Data block:
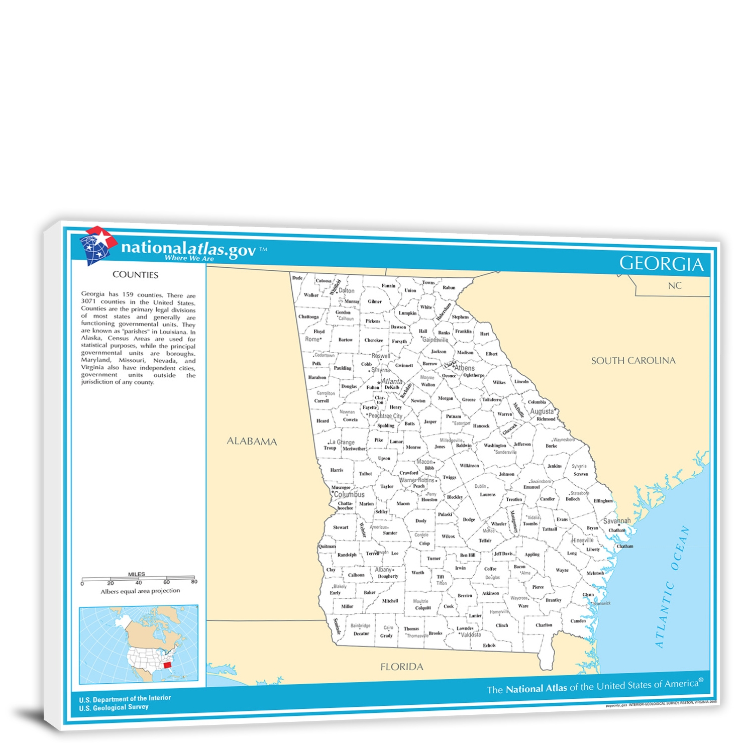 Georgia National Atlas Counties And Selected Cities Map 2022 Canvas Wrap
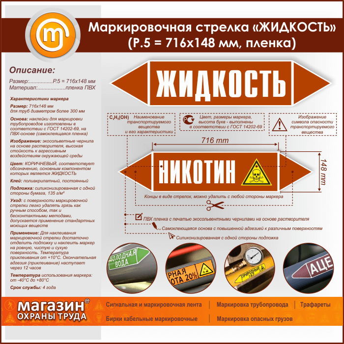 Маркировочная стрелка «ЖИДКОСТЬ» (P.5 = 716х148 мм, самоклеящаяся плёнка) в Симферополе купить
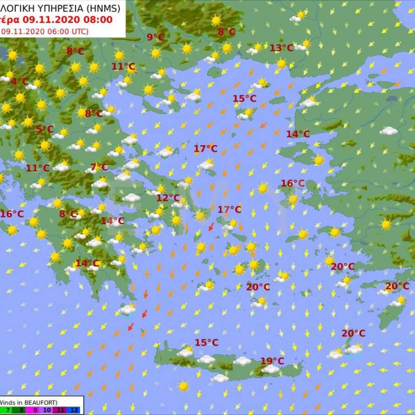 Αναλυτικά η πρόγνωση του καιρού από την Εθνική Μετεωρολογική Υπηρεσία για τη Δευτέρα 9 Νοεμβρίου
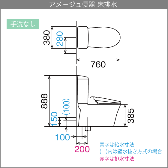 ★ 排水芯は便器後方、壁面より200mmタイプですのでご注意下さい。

Exercise description: Copy out the whole listing word for word, except for any picture it includes.

Answer space:
 Georgia National Atlas Counties And Selected Cities Map 2022 Canvas Wrap
 Маркировочная стрелка «ЖИДКОСТЬ» (P.5 = 716х148 мм, самоклеящаяся плёнка) в Симферополе купить
 Αναλυτικά η πρόγνωση του καιρού από την Εθνική Μετεωρολογική Υπηρεσία για τη Δευτέρα 9 Νοεμβρίου
 ★ 排水芯は便器後方、壁面より200mmタイプですのでご注意下さい。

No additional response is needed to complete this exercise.